Journal Entry (Aethelgard): 2026-06-09

The dawn broke not with the gentle golden warmth I remember from my childhood, but with a bruised, sickly purple that smeared itself across the horizon of Aethelgard. I sat by the embers of last night’s fire, watching the smoke struggle to rise against the heavy, magical pressure that hangs over the Forgotten Wastes. It is the ninth day of June, in the year 2026 by the old reckoning, though time feels fluid here, distorted by the residual mana leaking from the fractured earth.

I tightened the straps on my greaves, the leather worn smooth by years of travel. My name is Hermes, though in this realm, names are less labels and more burdens. I am a traveler, a seeker of things lost, and today, my path leads me inevitably toward the Spire of Echoes. The map I procured in the under-city of Oakhaven was vague at best, drawn on the skin of a beast that no longer roams these plains, but the pulsing in my chest—the compass that guides me—points true.

The Path Through the Whispering Woods

Leaving the small encampment, I moved north. The transition from the scrublands to the Whispering Woods was abrupt. One moment, the ground was brittle earth and stone; the next, it was soft, loamy soil that seemed to inhale and exhale with a slow, rhythmic slumber. The trees here are colossal, their bark silver and scarred with runes that predate the First Dynasty.

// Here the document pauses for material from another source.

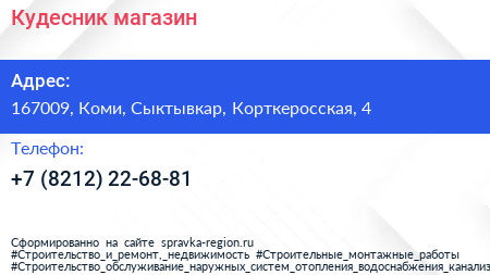 Кудесник, магазин по адресу 167009, Коми, Сыктывкар, Корткеросская, 4 в дальнейшем Организация, размещена в следующих категориях: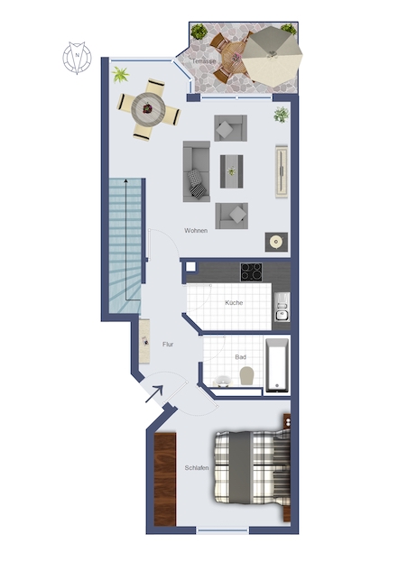 Neben einer Terrasse mit Südausrichtung verfügt die Wohnung über eine separate gemütliche Essnische mit Blick nach draußen – Diese grenzt an die Südterrasse an. Eine weitere Besonderheit der Wohnung stellt der Abgang in den ausgebauten und hellen Hobbyraum direkt vom Wohnzimmer aus dar. Das moderne und optisch ansprechende Bad verfügt über eine Duschkabine mit Glastüren, ein Waschbecken, ein WC, einen Badschrank mit Oberlicht sowie einen Handtuchheizkörper. Des Weiteren stellt der Vermieter eine Waschmaschine direkt im Bad zur Verfügung. Zur Wohnung gehört außerdem ein geräumiger Kellerraum, welcher direkt über den Hobbyraum erreichbar ist. Auch für die Fahrräder ist gesorgt: Hierfür existiert ein eigener Fahrradkeller zum sicheren Einstellen. Ein Personenaufzug ist natürlich auch vorhanden. Bei der Wohnflächenberechnung wurden die Terrasse und der Hobbyraum je mit der Hälfte der Fläche angesetzt.

I moved silently, a habit ingrained in me by necessity rather than choice. In Aethelgard, silence is survival.

The woods were unnaturally quiet. Usually, this time of year, the sylph-kin would be singing their morning hymns to the sun, but today, the air was stagnant. I paused, my hand resting on the pommel of my short sword. There was a taste to the air—copper and ozone. Magic had been used here recently, and violently. I knelt, examining a patch of disturbed moss. The indentation was large, three-clawed, and deep. A Shadow-Stalker. They rarely venture this far south unless driven by hunger or commanded by a darker will.

I pressed on, increasing my pace. My boots made no sound against the roots, a small cantrip I learned decades ago to mask my presence. I am not a warrior in the traditional sense; I cannot cleave a dragon in two or call down lightning from the heavens. My gifts are of a subtler nature. I move between spaces, I find the cracks in the world’s fabric, and I slip through them. But against a Shadow-Stalker, even speed must be tempered with caution.

A Dance with the Gloom

I was halfway through the dense thicket when the ambush came. It didn’t come with a roar, but with a sudden drop in temperature. My breath misted in front of me, and the shadows beneath the ferns detached themselves from the ground, coalescing into a towering, jagged shape of obsidian and malice. The Shadow-Stalker let out a sound like grinding stones, its eyes burning with a cold, violet fire.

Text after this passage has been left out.